I was 12 when my parents divorced and I was happy. I don't know why...I just was. Life was better after my parents were away from each other.

Now, my older daughter is indifferent (but it's not her dad). Our 2.5 year old doesn't notice too much. He worked a LOT when he lived here (he has 12 hour days) and so when he's not here, we just say he's at work and she's ok with that.


----------



## Deejo (May 20, 2008)

3littleangelsmom said:


> My husband and I are into our 3rd month of seperation. Our kids are 13, 10, and 3. I think my kids have a very distorted and disconnected idea of what marriage and family is all about.


At this particular moment in time, I think it is safe to say that most adults also have a disconnected and distorted view of what marriage and family is all about.

I am a big believer that how the kids feel will be mirrored according to how the parents handle the separation.

If mom and dad are distraught, bitter, angry or melancholy, then the kids will feel like the bottom has fallen out of their world. If mom and dad remain focused on maintaining the kids welfare, and remain respectful towards one another, than the impact is exponentially less traumatic.

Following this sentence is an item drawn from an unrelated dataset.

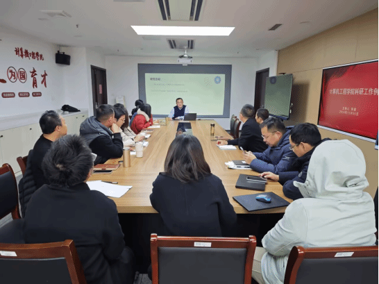 在科技楼2-523召开科研工作例会,会议由学院副院长朱俊主持,学院院长胡勇、学院博士教师参加会议。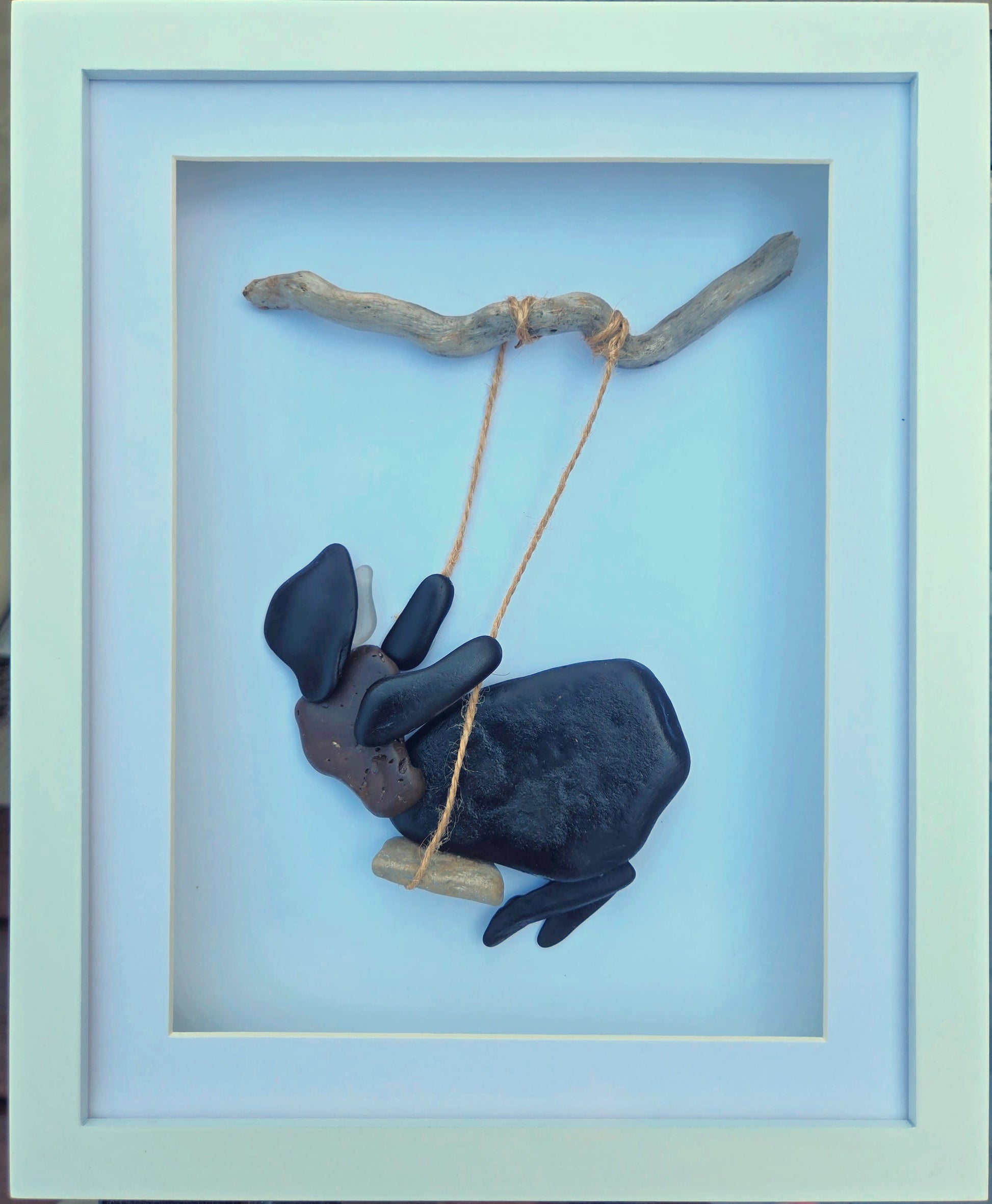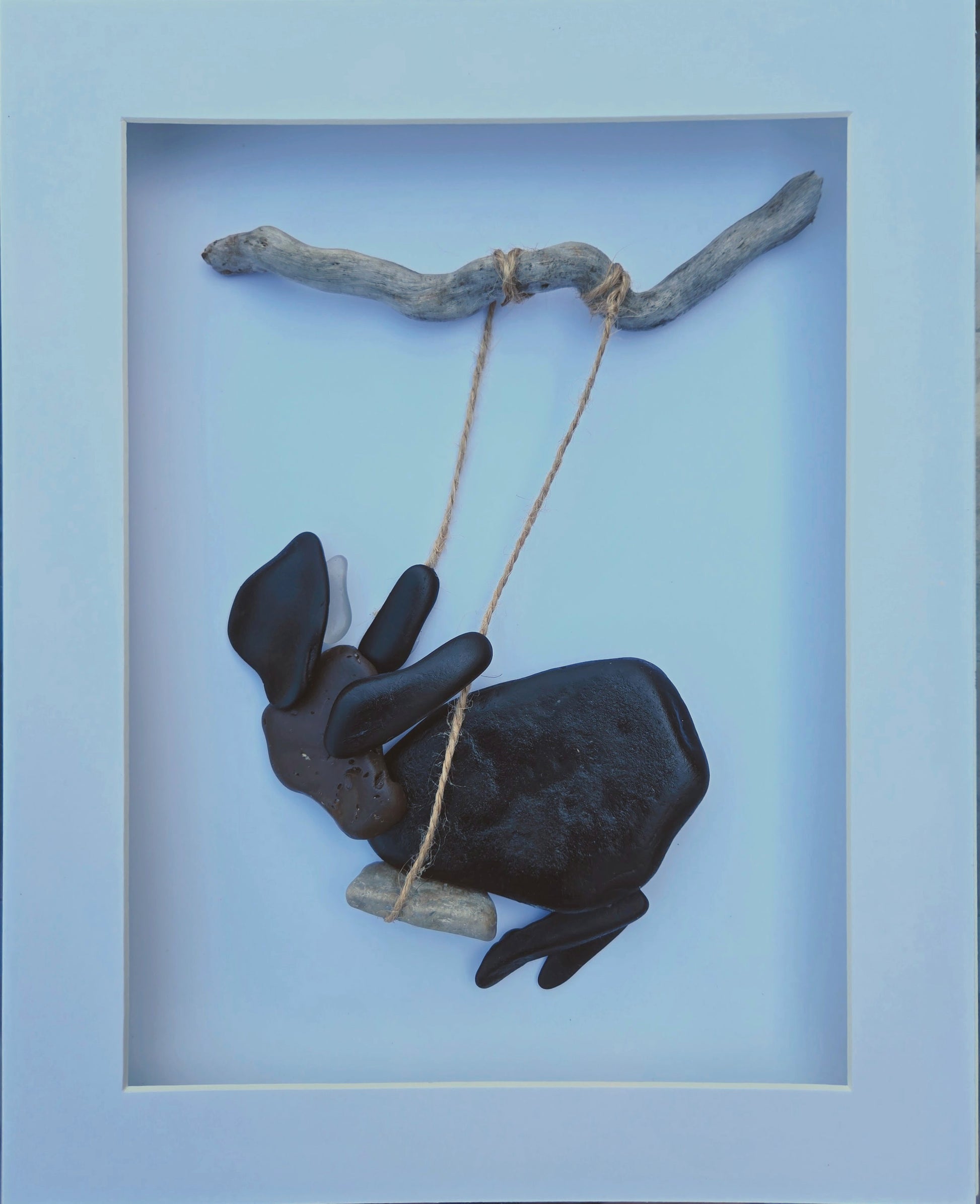 This whimsical artwork captures the carefree joy of childhood. Her profile is formed from a thick piece of sea glass found on the shores of Argentina, while her bonnet, arms, and flowing skirt are naturally shaped shale stones gathered from Lake Huron. Each stone carries its own character, shaped and smoothed by the tides, creating a figure that feels both timeless and full of life.

Are you ok with the fact that they are ok? Whether they are ambivalent or not, to me is immaterial if they appear to be happy, well adjusted and functioning.


----------



## Ten_year_hubby (Jun 24, 2010)

With all due respect, I think that giving the kids a model for adult intimate relationships that has separation (which usually goes with selfishness) as a major factor is working against their future ability to have a successful marriage relationship for themselves. I see this right now where my wife grew up in an unstable household and now she is creating instability in our marriage and I can see how it affects our kids, especially our daughter. I can't express the depth of my sadness


----------



## upset/confused (Jul 26, 2011)

For my kids, ages 8 and 6, their dad was gone 8 months out of the year for work ( for the last 4 years), so they arent affected just yet. They think that he is just working alot. 

We are going to move halfway around the world here next month and they understand that they will only see him once a year. But like I said, for us it has always been this way, disconnected. I was worried at first, but no longer.

My youngest did ask if dad was gonna marry again and get new kids....broke my heart. STBX left us for OW.


----------